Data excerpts
──────

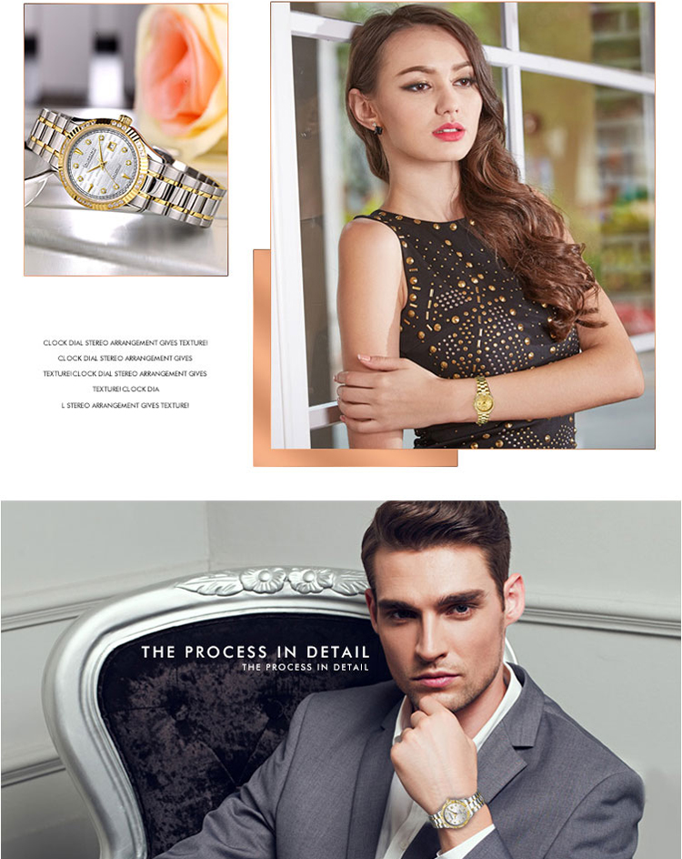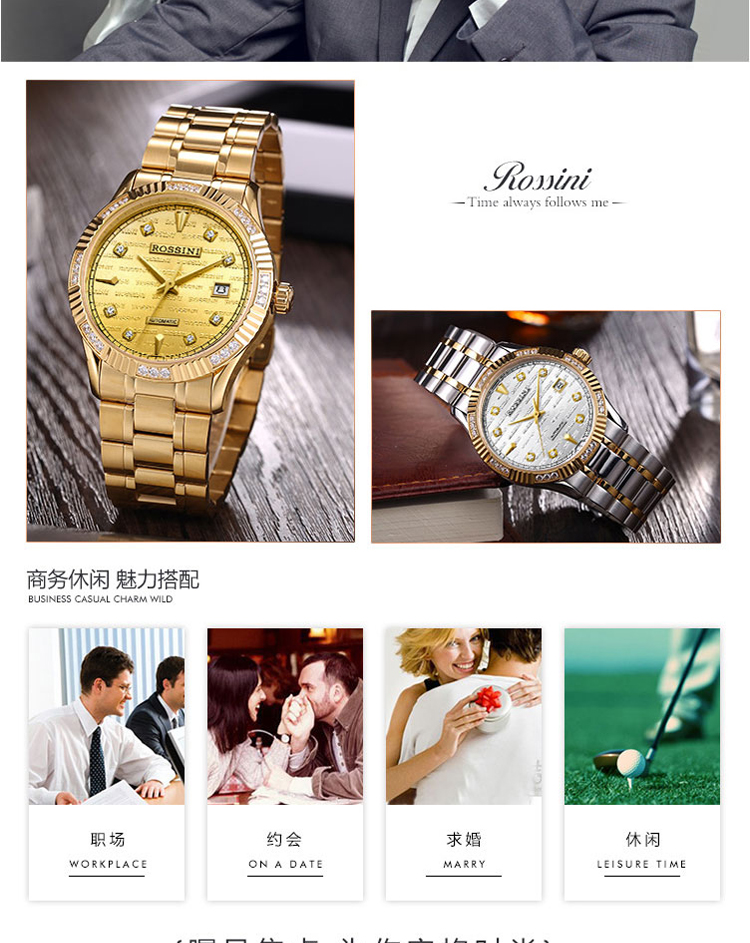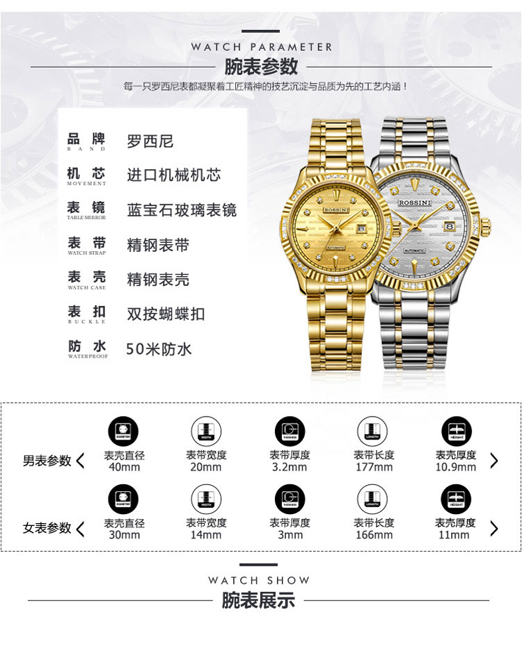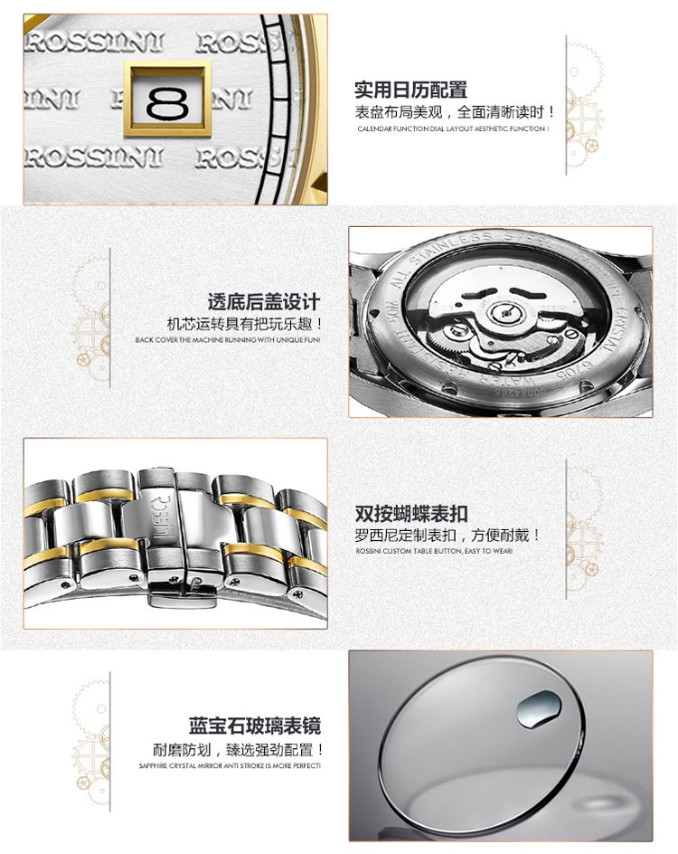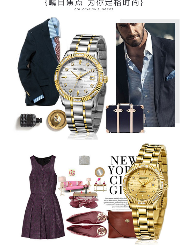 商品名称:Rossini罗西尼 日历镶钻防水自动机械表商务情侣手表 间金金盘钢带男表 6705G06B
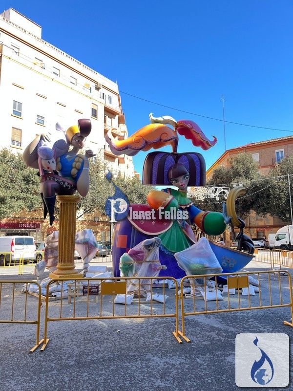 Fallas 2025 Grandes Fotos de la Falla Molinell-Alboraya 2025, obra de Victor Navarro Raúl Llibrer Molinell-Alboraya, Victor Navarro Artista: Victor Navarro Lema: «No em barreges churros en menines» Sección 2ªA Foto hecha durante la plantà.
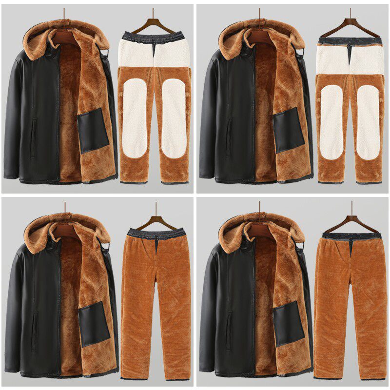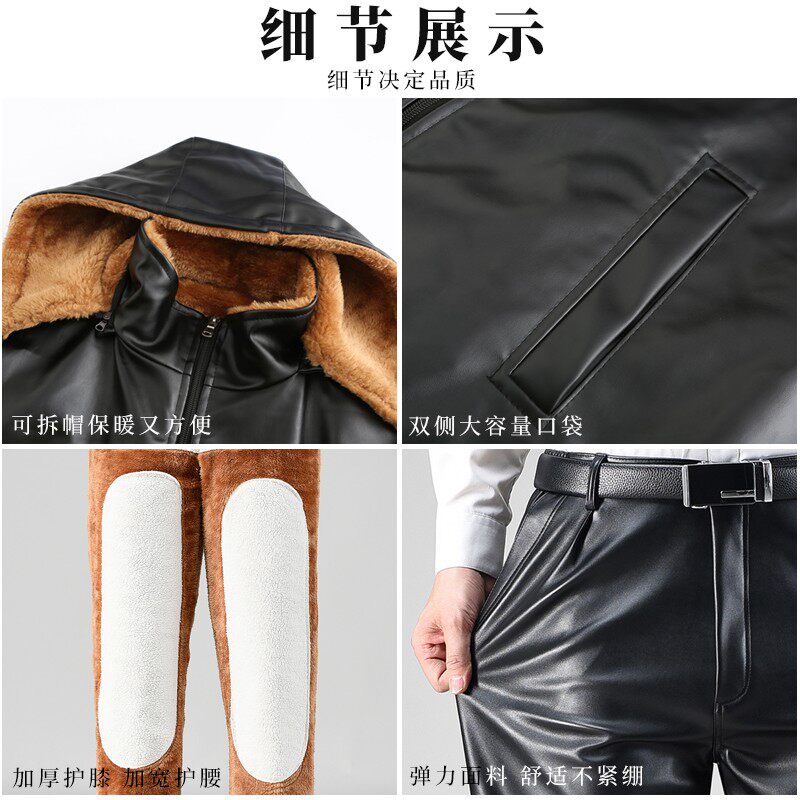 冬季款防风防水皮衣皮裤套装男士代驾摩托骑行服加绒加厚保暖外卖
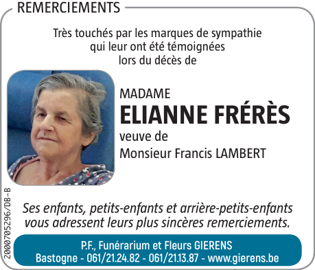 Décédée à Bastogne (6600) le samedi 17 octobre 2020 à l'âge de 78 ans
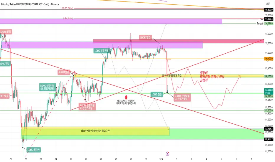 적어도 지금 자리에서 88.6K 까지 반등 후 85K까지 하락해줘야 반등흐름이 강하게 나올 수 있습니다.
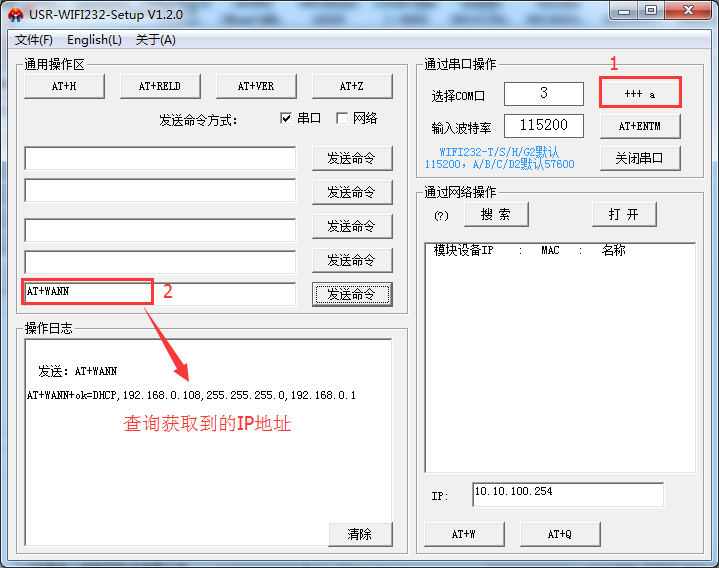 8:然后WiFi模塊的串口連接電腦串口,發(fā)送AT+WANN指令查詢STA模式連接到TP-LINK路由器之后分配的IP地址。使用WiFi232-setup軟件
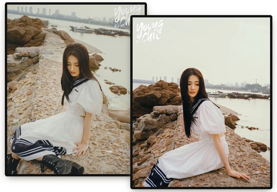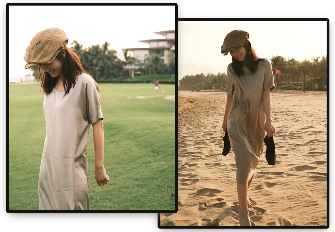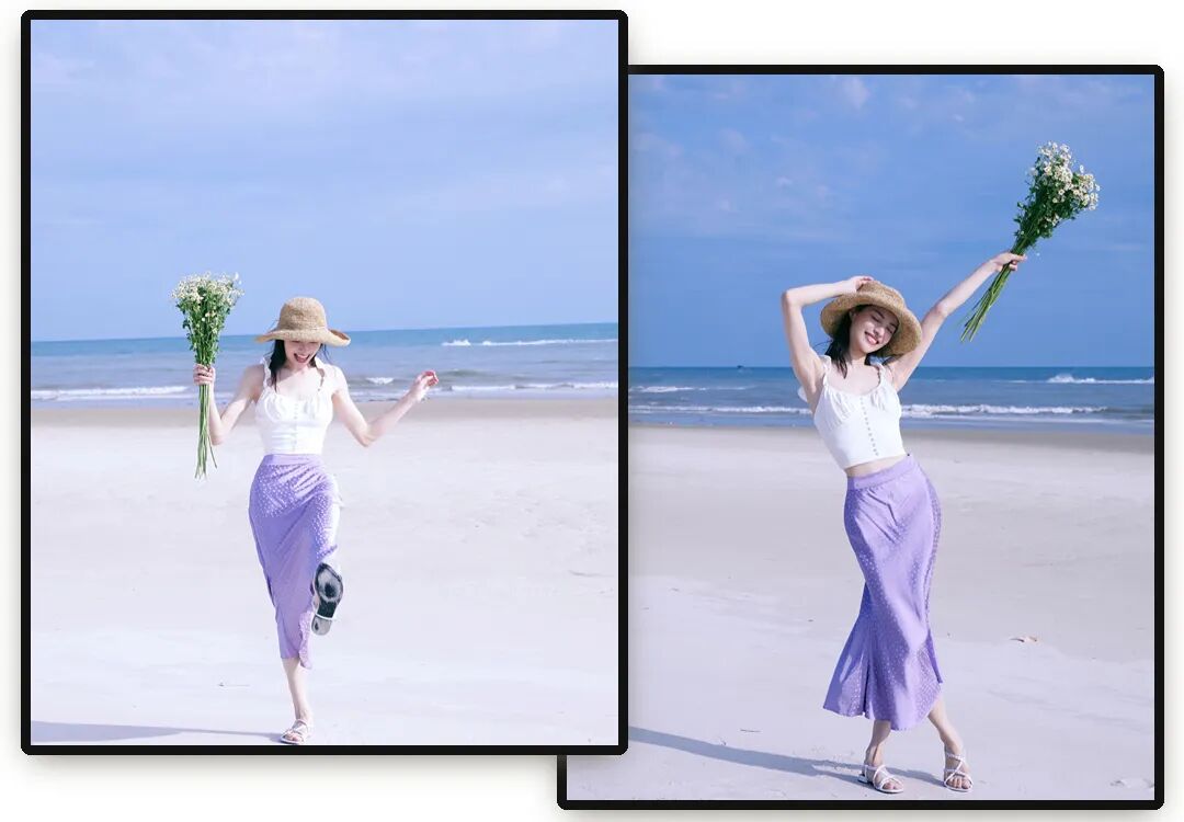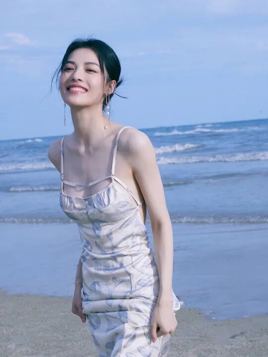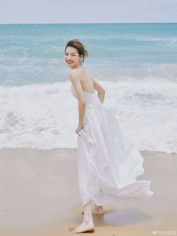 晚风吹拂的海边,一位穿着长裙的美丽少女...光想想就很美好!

──────

Write out the data once more exactly, omitting the pictures.

▶ **SOLUTION TO THIS EXERCISE**:
 商品名称:Rossini罗西尼 日历镶钻防水自动机械表商务情侣手表 间金金盘钢带男表 6705G06B
 Fallas 2025 Grandes Fotos de la Falla Molinell-Alboraya 2025, obra de Victor Navarro Raúl Llibrer Molinell-Alboraya, Victor Navarro Artista: Victor Navarro Lema: «No em barreges churros en menines» Sección 2ªA Foto hecha durante la plantà.
 冬季款防风防水皮衣皮裤套装男士代驾摩托骑行服加绒加厚保暖外卖
 Décédée à Bastogne (6600) le samedi 17 octobre 2020 à l'âge de 78 ans
 적어도 지금 자리에서 88.6K 까지 반등 후 85K까지 하락해줘야 반등흐름이 강하게 나올 수 있습니다.
 8:然后WiFi模塊的串口連接電腦串口,發(fā)送AT+WANN指令查詢STA模式連接到TP-LINK路由器之后分配的IP地址。使用WiFi232-setup軟件
 晚风吹拂的海边,一位穿着长裙的美丽少女...光想想就很美好!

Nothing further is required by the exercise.